Also, if you need the exact answer, then what you’re looking for is called a superaccumulator.

1 Like

Thanks for the reference. I didn’t know about these methods

A point I’ve made several times previously is the following:

  • Mathematically, since + is associative and commutative, all correct summation algorithms are algebraically equivalent to each other, in particular they are all equivalent to left-to-right summation.

  • The -ffast-math option gives the compiler license to transform any algorithm into any algebraically equivalent one in the mathematical sense.
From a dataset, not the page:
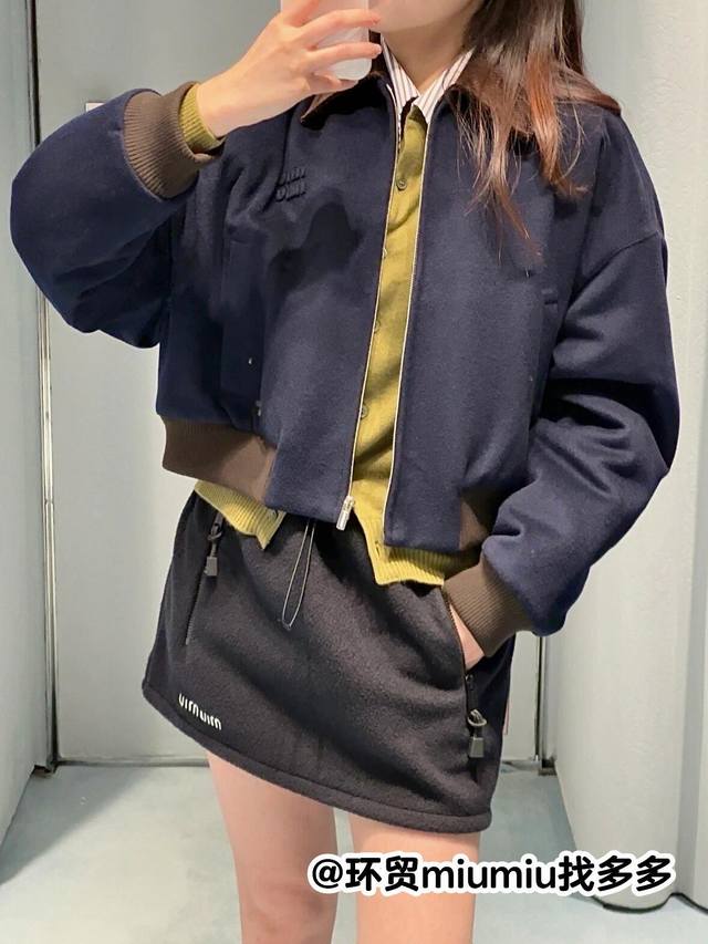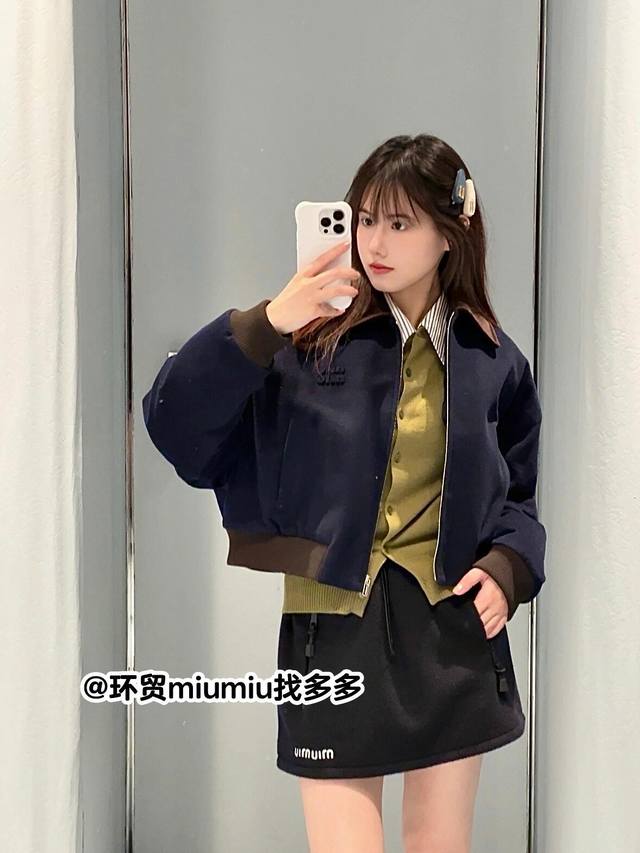 Miumi* 25Fw Early Fall New Velvet Lapel Wool Blend Cropped Jacket | Exclusive Yb Development! High-Quality Edition! Original custom wool blend fabric with contrasting plaid lining, and custom appliqu

  • Therefore -ffast-math gives the compiler license to transform any summation algorithm into any other summation algorithm, including left-to-right summation.

That’s why there’s no fundamentally useful answer to this question: the only thing you can find out is how a particular compiler happens to optimize your code. A different compiler in -ffast-math mode or a different version of your own compiler – or the exact same compiler targeting a different architecture – can always make the situation different and potentially much worse. The example above happens to outsmart one particular compiler, but as @mbauman’s post shows, a slightly smarter compiler could straightforwardly overcome that obstacle and make this exact same code fail. Or put another way, there are no reliable summation algorithms in -ffast-math mode.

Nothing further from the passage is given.